While this was happening, Wes had decided, properly, to quit calling and change positions to simulate the natural movement a cow Moose would make. He moved down to the stream and filled the birch horn with water, intending to call again, then pour the water slowly back into the the quiet pond, simulating the urination of a cow in heat in conjunction with the call. This is a common trick we used and it often was the final convincer a Bull needed, provoking him to respond more forcefully. At this moment i was in mid air catching my balance as he began pouring out the water in a noisy trickle and a moment later he fell in the creek because.......

As i caught my balance and rounded the tree much too quickly and all hyped.....there was a sound combined with movement, a HUH! HUNGH! RIGHT NEXT TO ME! in a moment suspended in time i......not quite involuntarily, fired my rifle in the air! Pure adrenalin and fear during that fraction of a second told my brain that (A)you are in deep doo doo bud! and (B) do something to save your sorry dumb azz! Which translated into the trigger pull, (still not sure if that was conscious thought:biggrin:) The next scene that registered on my brain was that of a man....a man??!!, falling to the ground not 5 feet to my left:surprised:

Moose hunting is.........three parts.......

Posted by: Wayne in BC (216.86.104.190)
Date: November 03, 2005 08:59PM


hunting, two parts gutting and skinning, but for sure five parts heavy lifting!:wacko:

The man was lying there making strange sounds while my shocked and barely reasoning mind said......the gun was pointing up! I could not possibly have shot him! Could i? Then to top it off, suddenly some other guy was running at yelling....what the #@%$# did you do!! It was the guide and the fellow on the ground was his client. Now i cannot tell you just exactly what happened or what was said in the next minute, suffice to say that while the guide was fussing over the hunter and snarling at me, the fellow got to his feet:clap::clap::clap: he was barely one step from having a heart attack but it was obvious that he was not shot....thank God!

He had been standing behind the tree that obscured my vision, standing quietly while his guide sat 50 feet away and answered the "Moose" that was calling from below them! When he heard a slight sound next to him it scared the heck out of him, plus at the same instant he saw me and my rifle come out from behind the tree, he did not even recognise what he was seeing, being hyped up and nervous on his first Moose hunt and having heard stories of the huge dangerous Bull Moose, way too much input there, my movement so close by had brought an involuntary terrified "grunt" out of him, then the awful muzzleblast of the 7mm magnum had finished the job as his knees went jelly and he collapsed into a blubbering heap!

Things settled down after another minute or so and the guide and i realised what we had done. It came out about the Moose calling and the guide said...damn! That was you? Of course i said also....that was you?:lol: And after a couple minuted we were laughing about the whole thing.

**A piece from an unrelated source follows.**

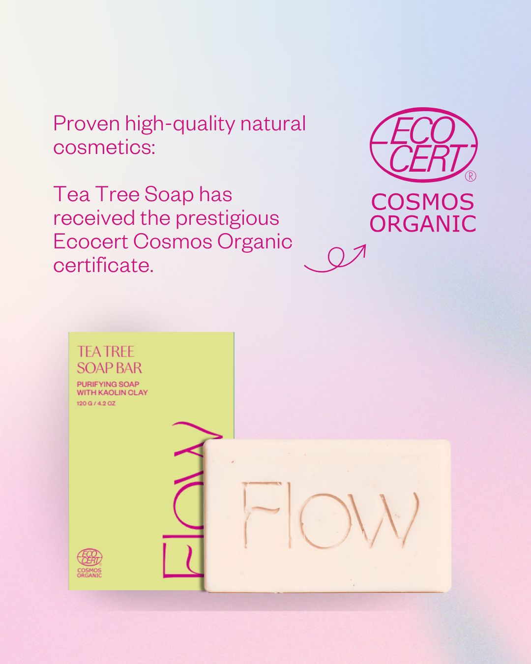 Proven high-quality natural cosmetics: Tea Tree Soap has received the prestigious Ecocert Cosmos Organic certification.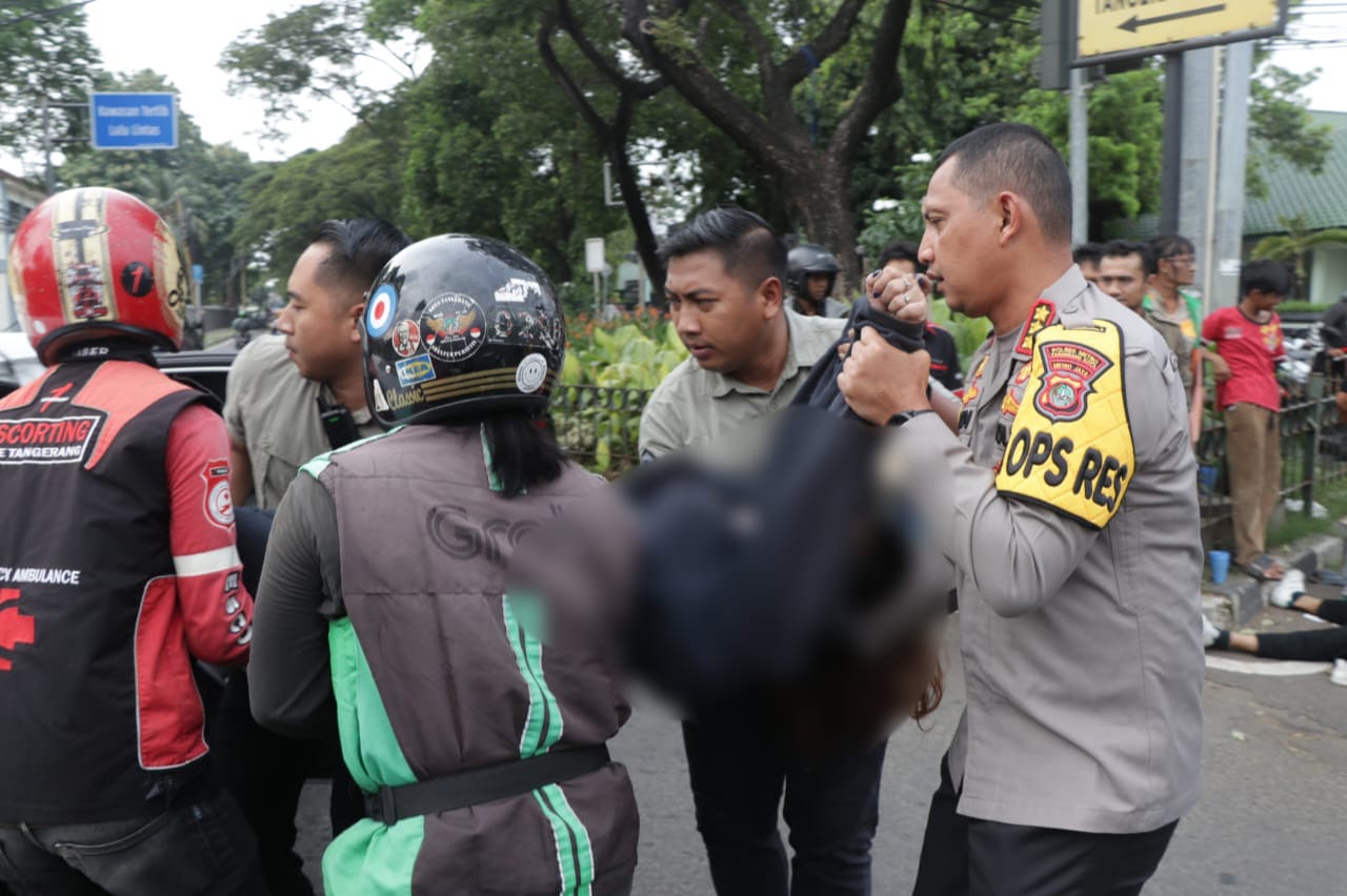 TANGERANG || bedanews.com – Kapolres Metro Tangerang Kota, Polda Metro Jaya, Kombes Pol Zain Dwi Nugroho dengan sigap membantu korban kecelakaan lalu lintas di Bunderan Tugu Adipura Jalan M. Yamin, Kecamatan Tangerang, Kota Tangerang, Banten, pada Kamis (23/05/2024).

And that folks is how i started guiding Moose hunters in that area, the guide, actually an outfitter was so impressed with my calling ability in fooling him, a very experienced man, and my being able to stalk that close to them that he wanted to hire me on the spot! Naturally my partner Wes had heard the shot and the voices, so soon showed up to be regaled with the wild tale.

Here is a pic of a smallish Moose i took on that hunt. Notice how "mature" i looked at age 24? Sorry had to scan old polaroid! Now i suppose you want me to tell you how that happened too?:biggrin:
 
I loved the story@@
 
i called the Bull you saw in the pic. Whacked him at 40 ft and while we were dressing him out another young Bull strolled out into the meadow and my buddy took him. We went home with the old chevy groaning under the weight!